## [Assignment]
Starting at the first line of the data, print each line verbatim up to and including the line bearing "MACEDON, Kingdom of, Alexander", omitting pictures.

## [Stored data]
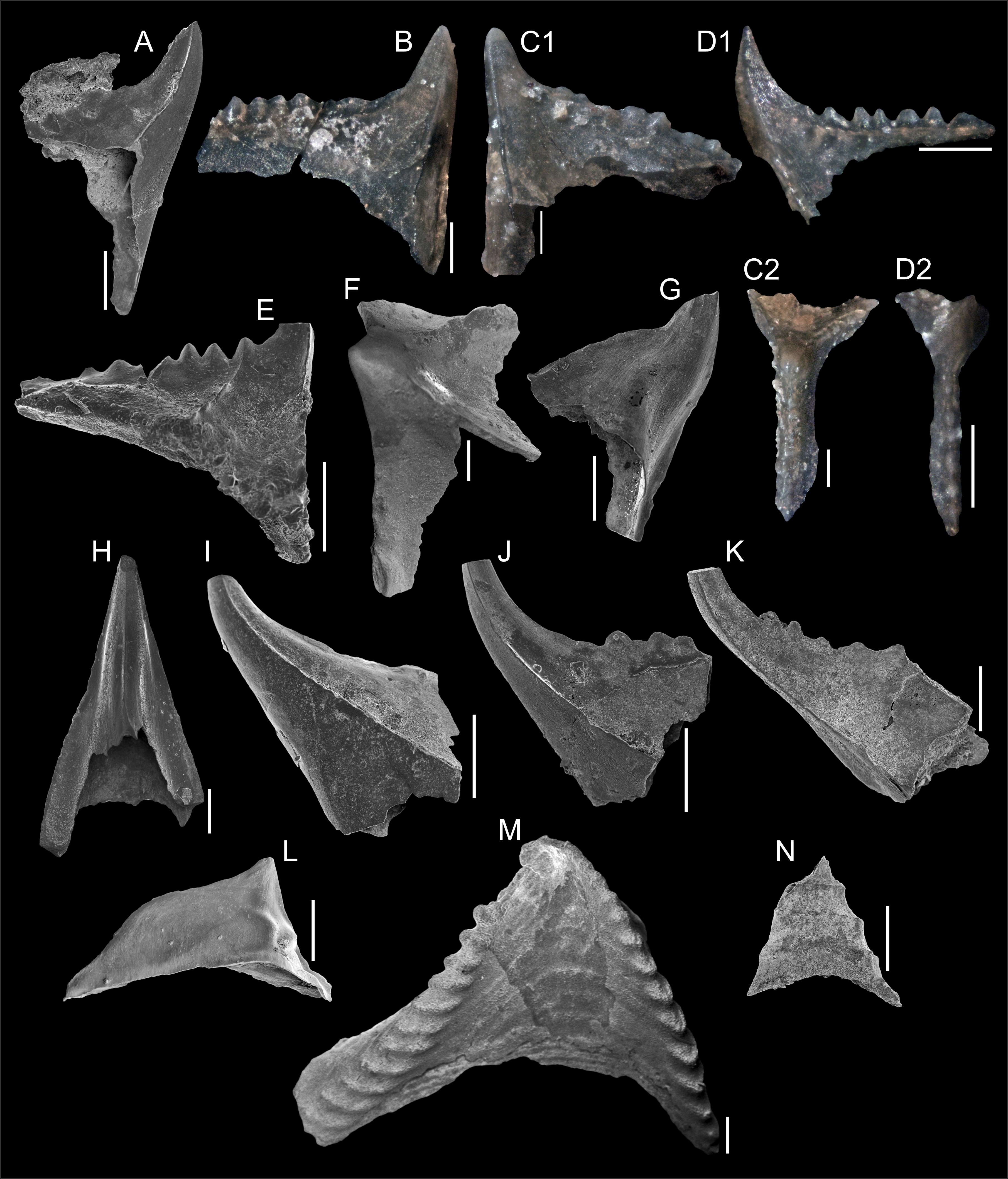 Fig. 4. SEM images (unless otherwise stated) of conodonts from the La Ciénaga de Purmamarca area. A-K. Zentagnathus argentinensis (Rao et al., 1994). A. Pa element, CEGH-UNC 27705; B. Pa element, CEGH-UNC 27706, optical image; C1-C2. Pa element, CEGH-UNC 27707, optical images in lateral (C1) and upper view (C2); D1-D2. Pa element, CEGH-UNC 27708, optical images in lateral (D1) and upper view (D2); E. Pb element, CEGH-UNC 27709; F. Pb element, CEGH-UNC 27710; G. M element, CEGH-UNC 27711; H. Sa element, CEGH-UNC 27712; I. Sb element, CEGH-UNC 27713; J. Sb element, CEGH-UNC 27714; K. Sd element, CEGH-UNC 27715. L. Balognathidae indet., Pb element (basal filling?), CEGH-UNC 27716. M-N. Kallidontus nodosus Pyle and Barnes (2002), M. Pb element, CEGH-UNC 27717; N. Pa element, CEGH-UNC 27718. All scale bars are 100 μm.
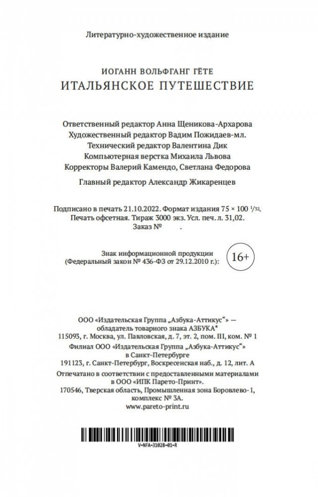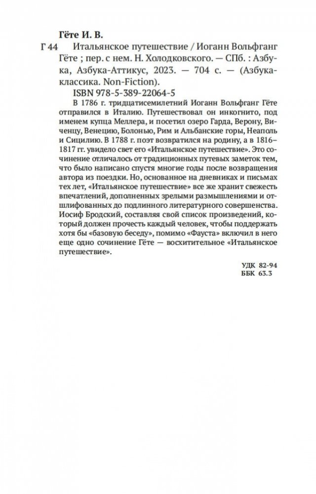 В 1786 г. тридцатисемилетний Иоганн Вольфганг Гёте отправился в Италию. Путешествовал он инкогнито, под именем купца Меллера, и посетил озеро Гарда, Верону, Виченцу, Венецию, Болонью, Рим и Альбанские горы, Неаполь и Сицилию. В 1788 г. поэт возвратился на родину, а в 1816–1817 гг. увидело свет его «Итальянское путешествие». Это сочинение отличалось от традиционных путевых заметок тем, что было написано спустя многие годы после возвращения автора из поездки. Но, основанное на дневниках и письмах тех лет, «Итальянское путешествие» все же хранит свежесть впечатлений, дополненных зрелыми размышлениями и отшлифованных до подлинного литературного совершенства. Иосиф Бродский, составляя свой список произведений, который должен прочесть каждый человек, чтобы поддержать хотя бы «базовую беседу», помимо «Фауста» включил в него еще одно сочинение Гёте — восхитительное «Итальянское путешествие».
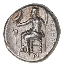 MACEDON, Kingdom of, Alexander III, (336-323 B.C.), silver drachm, (4.27 g), Lampsakos Mint, struck under Kalas or Demarchos, issued 328/5-323 B.C., obv. head of Herakles to right wearing lion skin, rev. Zeus Aetophoros seated on throne to left, eagle in outstretched hand, caduceus in left field, NA (or AN) monogram below throne, **[AL]EXANDRO[U]* to right, (cf.S.6730, Price 1343 corr (monogram not noted), ADM II 4 corr [same dies]). Good very fine - nearly extremely fine and extremely rare, only two known.
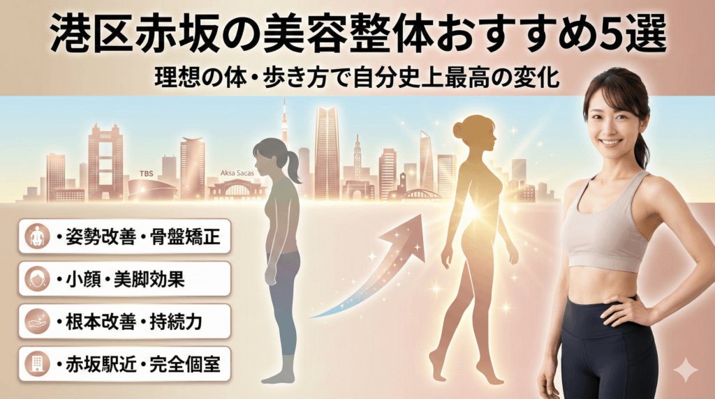 「小顔になりたい」「肩幅や姿勢を整えたい」—そんな願いを、港区赤坂で現実に近づけませんか。赤坂・赤坂見附・溜池山王は3駅合わせて1日あたり約30万人以上が利用するエリアで、仕事帰りに通いやすいサロンが集まっています。写真や計測で変化を確認できるお店なら、フェイスラインや骨盤幅の推移も客観的に把握できます。

## [Expected answer]
 Fig. 4. SEM images (unless otherwise stated) of conodonts from the La Ciénaga de Purmamarca area. A-K. Zentagnathus argentinensis (Rao et al., 1994). A. Pa element, CEGH-UNC 27705; B. Pa element, CEGH-UNC 27706, optical image; C1-C2. Pa element, CEGH-UNC 27707, optical images in lateral (C1) and upper view (C2); D1-D2. Pa element, CEGH-UNC 27708, optical images in lateral (D1) and upper view (D2); E. Pb element, CEGH-UNC 27709; F. Pb element, CEGH-UNC 27710; G. M element, CEGH-UNC 27711; H. Sa element, CEGH-UNC 27712; I. Sb element, CEGH-UNC 27713; J. Sb element, CEGH-UNC 27714; K. Sd element, CEGH-UNC 27715. L. Balognathidae indet., Pb element (basal filling?), CEGH-UNC 27716. M-N. Kallidontus nodosus Pyle and Barnes (2002), M. Pb element, CEGH-UNC 27717; N. Pa element, CEGH-UNC 27718. All scale bars are 100 μm.
 В 1786 г. тридцатисемилетний Иоганн Вольфганг Гёте отправился в Италию. Путешествовал он инкогнито, под именем купца Меллера, и посетил озеро Гарда, Верону, Виченцу, Венецию, Болонью, Рим и Альбанские горы, Неаполь и Сицилию. В 1788 г. поэт возвратился на родину, а в 1816–1817 гг. увидело свет его «Итальянское путешествие». Это сочинение отличалось от традиционных путевых заметок тем, что было написано спустя многие годы после возвращения автора из поездки. Но, основанное на дневниках и письмах тех лет, «Итальянское путешествие» все же хранит свежесть впечатлений, дополненных зрелыми размышлениями и отшлифованных до подлинного литературного совершенства. Иосиф Бродский, составляя свой список произведений, который должен прочесть каждый человек, чтобы поддержать хотя бы «базовую беседу», помимо «Фауста» включил в него еще одно сочинение Гёте — восхитительное «Итальянское путешествие».
 MACEDON, Kingdom of, Alexander III, (336-323 B.C.), silver drachm, (4.27 g), Lampsakos Mint, struck under Kalas or Demarchos, issued 328/5-323 B.C., obv. head of Herakles to right wearing lion skin, rev. Zeus Aetophoros seated on throne to left, eagle in outstretched hand, caduceus in left field, NA (or AN) monogram below throne, **[AL]EXANDRO[U]* to right, (cf.S.6730, Price 1343 corr (monogram not noted), ADM II 4 corr [same dies]). Good very fine - nearly extremely fine and extremely rare, only two known.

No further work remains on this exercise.